April 1, 2021
Legacy systems are more costly than you thought
What they’re saying: A recent study shows that 5–10% of insurance premiums vanish every year due to the inefficiencies caused by legacy systems.
The bigger picture: Instead of looking at it from a loss perspective, we see that 5–10% as savings immediately available to insurers who upgrade their system. New systems open up new opportunities beyond fixing old problems, they can help insurers grow in new ways.
Big Tech and Insurance
Amazon is leveraging Prime memberships to sell small commercial Insurance.
What it means for now: Amazon has a foot in the door with almost every company in the United States, and now they’re about to use that opportunity to expand their Insurance business in a big way.
Where it’s going: The Insurance industry overall is poised for dramatic growth, innovations are giving rise to new kinds of coverage and coverage bundling. One of Amazon’s key competencies is their ability to sell bundles, which enables them to get the most out of every customer interaction. Bundling is something every insurer can get better at, and it will increase the financial-footprint of insurers who do it well.
What was behind the scenes of Chubb’s 23 billion dollar offer for Hartford that was rejected
What happened: Last month Chubb offered to buy Hartford for $23 billion. At face value, it seems to be a play to grow their small commercial business, but it has wider implications for our industry. Hartford later rejected the deal.
What analysts were saying: “A transaction like this would add even more size and scale to Chubb … making the company the fifth-largest P&C insurer in the United States based on 2020 net written premiums and strengthening the position of Chubb as the leading commercial insurer in the United States,” said James Auden, managing director of insurance at Fitch Ratings.

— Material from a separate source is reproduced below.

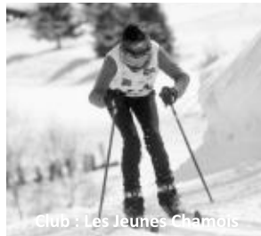
Club : Les Jeunes Chamois

What it means: Hartford is an industry-leading small commercial insurer, and Chubb believes they can bring significant cost savings. This just shows that even the industry leaders are ripe for improvement.
Could it actually be about personal lines? A lot of the analysis focused on small commercial, which makes sense, but Hartford’s personal lines business is also very strong with a licensing deal with AARP and writing over $5 billion combined personal lines, auto, and homeowners.
What they’re saying: With the acquisition, Chubb would be entering personal lines markets where they don’t have a very significant presence today, and be placing themselves in direct competition with the likes of Allstate, State Farm, Progressive, Geico, and others.
Chubb’s Reaction: The diversification and scale available through Hartford is a tempting opportunity, but Chubb is standing by their original offer for now.